Tribunal Administratif de Strasbourg — Décision N° TA67-2507781

lundi 27 octobre 2025

JuridictionTribunal Administratif de Strasbourg
SectionTribunal Administratif de Strasbourg
N° DossierTA67-2507781
TypeDécision
RecoursPlein contentieux
Avocat requérantCHEBBALE

Résumé IA

Le Tribunal Administratif de Strasbourg, statuant en référé sur le fondement de l'article L. 521-3 du code de justice administrative, a rejeté la demande de M. et Mme D... visant à obtenir du préfet du Bas-Rhin la remise d'un certificat médical vierge nécessaire à leur demande de titre de séjour pour raison médicale. Le juge a estimé que la condition d'urgence n'était pas satisfaite, la précarité des requérants découlant de leur maintien irrégulier sur le territoire et de leur non-exécution d'une obligation de quitter le territoire français, sans que l'absence du document ne fasse obstacle à une prise en charge médicale de leur enfant. Les requérants ont toutefois été admis au bénéfice de l'aide juridictionnelle provisoire.

Texte intégral

Vu la procédure suivante :

Par une requête et un mémoire, enregistrés respectivement le 18 septembre 2025 et le 2 octobre 2025, M. D... et Mme E..., représentés par Me Sandrine Chebbale, demandent au juge des référés, sur le fondement des dispositions de l’article L. 521-3 du code de justice administrative :

1°) d’admettre les requérants au bénéfice de l’aide juridictionnelle ;

2°) d’enjoindre à Monsieur le préfet du Bas-Rhin de remettre aux requérants un dossier comprenant une notice explicative les informant de la procédure à suivre et un certificat médical vierge dans les 48 heures suivant la notification de l’ordonnance et sous astreinte de 100 € par jours de retard ;

3°) de mettre à la charge de l’État la somme de 1 500 euros TTC en application des dispositions de l’article L. 761-1 du code de justice administrative et 37 de la loi du 10 juillet 1991.

Ils soutiennent que :
- la condition d’urgence est remplie, car l’admission des requérants au séjour n’est possible que si le certificat médical vierge leur est transmis par la préfecture ; les contrats de travail des requérants ont été suspendu à cause de leur situation irrégulière, ce qui les place dans une situation précaire ; leur fille cadette, qui a vu son état de santé se dégrader depuis le refus de renouvellement de l’autorisation provisoire de séjour et la prise de l’obligation de quitter le territoire français par la préfecture, nécessite une prise en charge médicale n’étant pas disponible en Géorgie et dont le défaut aurait des conséquences d’une exceptionnelle gravité ; l’obligation de quitter le territoire français concernant les requérants peut être mise en exécution, alors même qu’ils ont déposé une demande de titre en raison de circonstances nouvelles postérieures à l’obligation de quitter le territoire français ;
- la demande est utile, car les requérants se trouvent dans l’impossibilité d’obtenir un titre de séjour sans le certificat médical vierge demandé à la préfecture ;
- il n’est pas fait obstacle à une décision administrative, car la préfecture n’entend pas instruire ni statuer sur la demande.
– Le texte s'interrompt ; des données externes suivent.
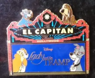 Lady and the Tramp is a Limited Edition (LE) 300 pin from the El Capitan Marquee Series pin series. It was originally released on , 2015 and was available from Disney Studio Store Hollywood / Soda Fountain .

Par un mémoire en défense enregistré le 30 septembre 2025, conclut au rejet de la requête.

Il soutient que les moyens de la requête ne sont pas fondés et que notamment les conditions d’utilement et d’urgence ne sont pas remplies.


Vu les autres pièces du dossier.

Vu :
- le code de l’entrée et du séjour des étrangers et du droit d’asile ;
- la loi 91-647 du 10 juillet 1991 ;
- le code de justice administrative.

La présidente du tribunal a désigné M. C..., premier vice-président, pour statuer sur les demandes de référé.


Considérant ce qui suit :

Sur la demande d’aide juridictionnelle provisoire :

Aux termes de l’article 20 de la loi du 10 juillet 1991 relative à l’aide juridique : « Dans les cas d’urgence, sous réserve de l’application des règles relatives aux commissions ou désignations d’office, l’admission provisoire à l’aide juridictionnelle peut être prononcée par la juridiction compétente ou son président.
Il y a lieu en l’espèce, par application de ces dispositions, d’admettre les requérants à l’aide juridictionnelle provisoire.
Sur les autres conclusions :

Aux termes de l’article L.521-3 du code de justice administrative, « En cas d'urgence et sur simple requête qui sera recevable même en l'absence de décision administrative préalable, le juge des référés peut ordonner toutes autres mesures utiles sans faire obstacle à l'exécution d'aucune décision administrative ».

La condition d’urgence est en principe constatée dans le cas d’une demande de renouvellement de titre de séjour. Dans les autres cas, il appartient au requérant de justifier de circonstances particulières.

Pour demander au tribunal d’enjoindre au préfet du Bas-Rhin de lui transmettre un certificat médical vierge sur le fondement de l’article L.521-3 du code de justice administrative précité en vue de voir instruite leur demande tendant au bénéfice d’un titre de séjour,
M. D... et Mme E... se prévalent d’une situation d’urgence résultant de la nécessité d’obtenir le certificat médical vierge afin de poursuivre leurs démarches auprès de l’OFII, de leur situation de précarité, de leur crainte de voir l’obligation de quitter le territoire français (OQTF) dont ils font l’objet être exécutée et de la nécessité de la prise en charge médicale de leur fille.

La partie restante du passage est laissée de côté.